Department of Internal Medicine, Seoul National University Hospital, Seoul National University College of Medicine, 101 Daehak-ro, Jongno-gu, Seoul, 03080, South Korea.
Chungbuk National University College of Medicine, Cheongju, South Korea.
Gastric Cancer. 2019 Nov;22(6):1206-1214. doi: 10.1007/s10120-019-00958-4. Epub 2019 Apr 3.
Poziotinib (HM781-36B) is an irreversible pan-HER tyrosine kinase inhibitor which targets EGFR, HER2, and HER4. This prospective, multicenter, open-label, phase I/II study determined the maximum tolerated dose (MTD) and evaluated the safety and efficacy of poziotinib combined with paclitaxel and trastuzumab in patients with HER2-positive advanced gastric cancer (GC).
Patients with HER2-positive GC previously treated with one line of chemotherapy received oral poziotinib (8 mg or 12 mg) once daily for 14 days, followed by 7 days off. Paclitaxel (175 mg/m infusion) and trastuzumab (8 mg/kg loading dose, then 6 mg/kg infusion) were administered concomitantly with poziotinib on day 1 every 3 weeks.
In the phase I part, 12 patients were enrolled (7 at dose level 1, 5 at dose level 2). One patient receiving poziotinib 8 mg and 2 receiving poziotinib 12 mg had dose-limiting toxicities (DLTs); all DLTs were grade 4 neutropenia, one with fever. The most common poziotinib-related adverse events were diarrhea, rash, stomatitis, pruritus and loss of appetite. The MTD of poziotinib was determined to be 8 mg/day and this was used in the phase II part which enrolled 32 patients. Two patients (6.3%) had complete responses and 5 (15.6%) had partial responses (objective response rate 21.9%). Median progression-free survival and overall survival were 13.0 weeks (95% CI 9.8-21.9) and 29.5 weeks (95% CI 17.9-59.2), respectively.

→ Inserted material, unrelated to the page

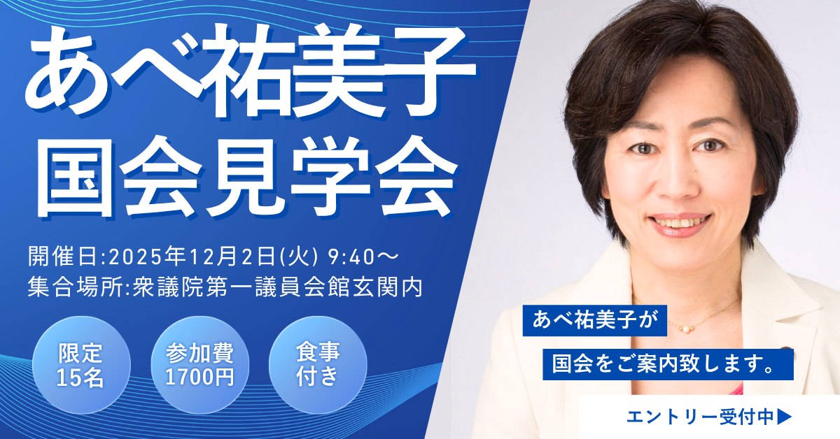 以下の日程で「あべ祐美子国会見学会」を開催いたします。

The MTD of poziotinib combined with paclitaxel and trastuzumab was 8 mg/day. This combination yielded promising anti-tumor efficacy with manageable toxicity in previously treated patients with HER2-positive GC.
波齐替尼(HM781-36B)是一种不可逆的泛 HER 酪氨酸激酶抑制剂,针对 EGFR、HER2 和 HER4。这项前瞻性、多中心、开放标签、I/II 期研究确定了最大耐受剂量(MTD),并评估了先前接受过一线化疗的 HER2 阳性晚期胃癌(GC)患者中波齐替尼联合紫杉醇和曲妥珠单抗的安全性和疗效。
先前接受过一线化疗的 HER2 阳性 GC 患者接受口服波齐替尼(8mg 或 12mg),每日一次,连用 14 天,然后停药 7 天。紫杉醇(175mg/m 输注)和曲妥珠单抗(8mg/kg 负荷剂量,然后 6mg/kg 输注)在每 3 周的第 1 天与波齐替尼同时给药。
在 I 期部分,入组 12 例患者(剂量水平 1 组 7 例,剂量水平 2 组 5 例)。1 例接受波齐替尼 8mg 和 2 例接受波齐替尼 12mg 的患者出现剂量限制毒性(DLT);所有 DLT 均为 4 级中性粒细胞减少症,其中 1 例伴有发热。最常见的波齐替尼相关不良事件为腹泻、皮疹、口腔炎、瘙痒和食欲下降。波齐替尼的 MTD 确定为 8mg/天,这一剂量用于入组 32 例患者的 II 期部分。2 例患者(6.3%)完全缓解,5 例患者(15.6%)部分缓解(客观缓解率 21.9%)。中位无进展生存期和总生存期分别为 13.0 周(95%CI 9.8-21.9)和 29.5 周(95%CI 17.9-59.2)。
波齐替尼联合紫杉醇和曲妥珠单抗的 MTD 为 8mg/天。在先前接受过治疗的 HER2 阳性 GC 患者中,该联合方案具有良好的抗肿瘤疗效和可管理的毒性。